Contrastive representations of high-dimensional, structured treatments
Oriol Corcoll Andreu, Athanasios Vlontzos, Michael O'Riordan, Ciaran M. Gilligan-Lee
TL;DR
The paper addresses causal effect estimation when treatments are high-dimensional and structured, showing that naïve use of such treatments can bias results due to non-causal latent factors. It introduces a contrastive representation learning approach to extract a causally relevant treatment latent $T_C$, yielding an unbiased CATE $ au(T,T',x) = E(Y\mid do(T),X=x) - E(Y\mid do(T'),X=x)$. The authors prove that the learned representation $\psi(T)$ identifies the causal latents and discards non-causal ones, providing theoretical guarantees via a contrastive framework and Theorem 4.2, and validate the approach on synthetic and real datasets where it outperforms existing methods. This work enables robust causal inference in domains with complex treatments (e.g., text, graphs, molecules) and has practical implications for recommendation systems and drug discovery.
Abstract
Estimating causal effects is vital for decision making. In standard causal effect estimation, treatments are usually binary- or continuous-valued.
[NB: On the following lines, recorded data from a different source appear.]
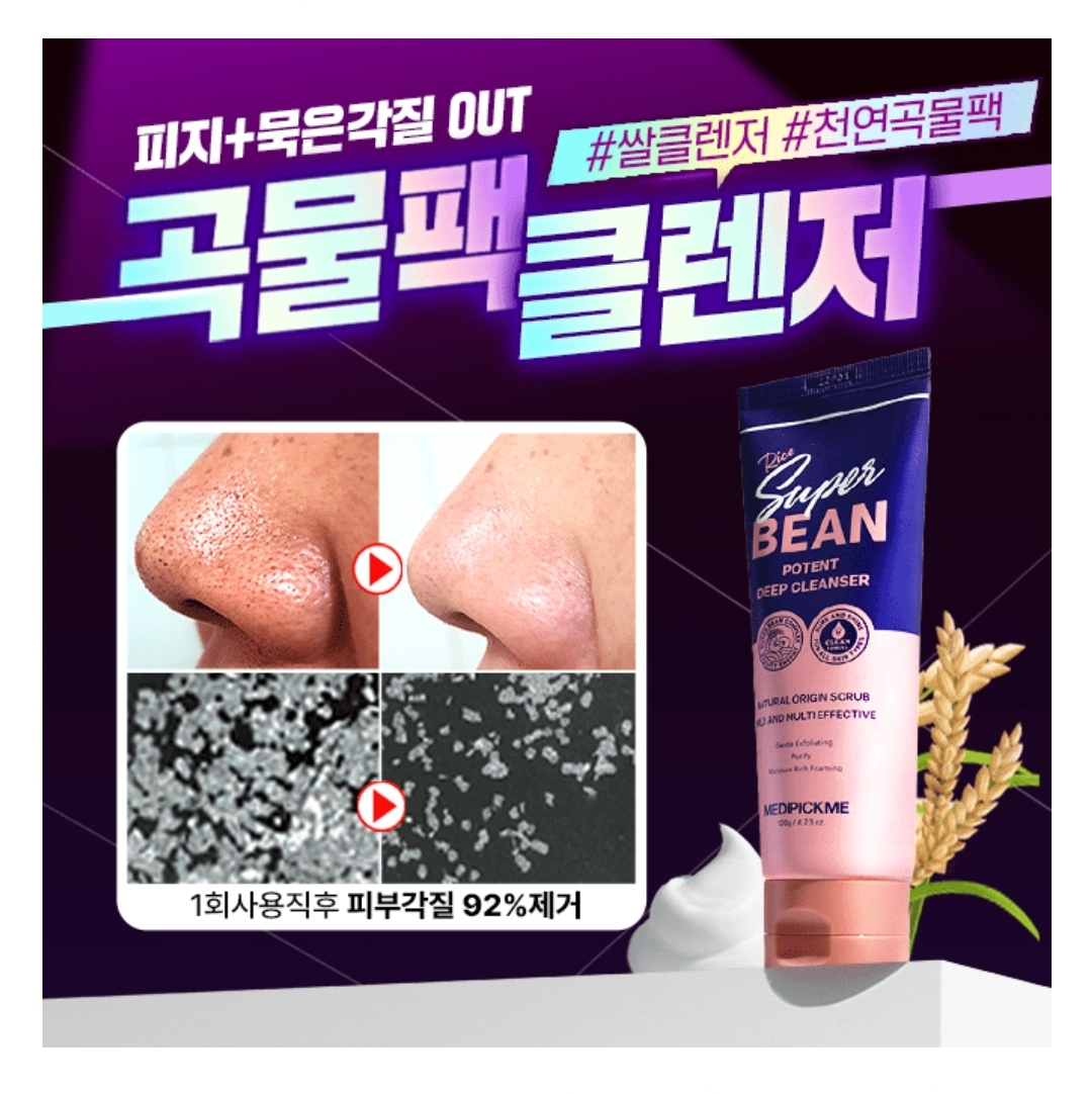 '메디픽미 라이브 슈퍼빈 딥 클렌저'는 ㅇㅇ입자로 이루어져 있어,자극을 최소화할수있는데요! 마사지하듯 가볍게 문지르면 묵은각질과 노폐물을 씻어낼 수 있습니다. 촉촉한 영양보습에 도움을 주는 ㅇㅇ은 무엇일까요?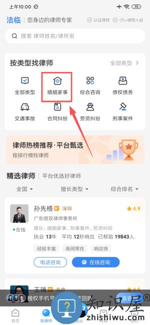 1、于找律师页面选择婚姻家事分类,进入对应的律师列表界面。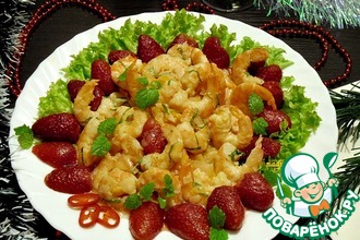 После этого вынимаем из форм, украшаем креветками.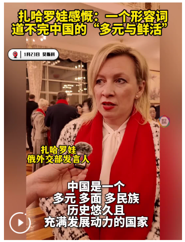 俄羅斯外交部發言人扎哈羅娃23日在莫斯科表示,用一個詞形容中國是不夠的,中國是一個多元、多民族、歷史悠久且充滿發展動力的國家。

However, in many important real-world settings, treatments can be structured, high-dimensional objects, such as text, video, or audio. This provides a challenge to traditional causal effect estimation. While leveraging the shared structure across different treatments can help generalize to unseen treatments at test time, we show in this paper that using such structure blindly can lead to biased causal effect estimation. We address this challenge by devising a novel contrastive approach to learn a representation of the high-dimensional treatments, and prove that it identifies underlying causal factors and discards non-causally relevant factors. We prove that this treatment representation leads to unbiased estimates of the causal effect, and empirically validate and benchmark our results on synthetic and real-world datasets.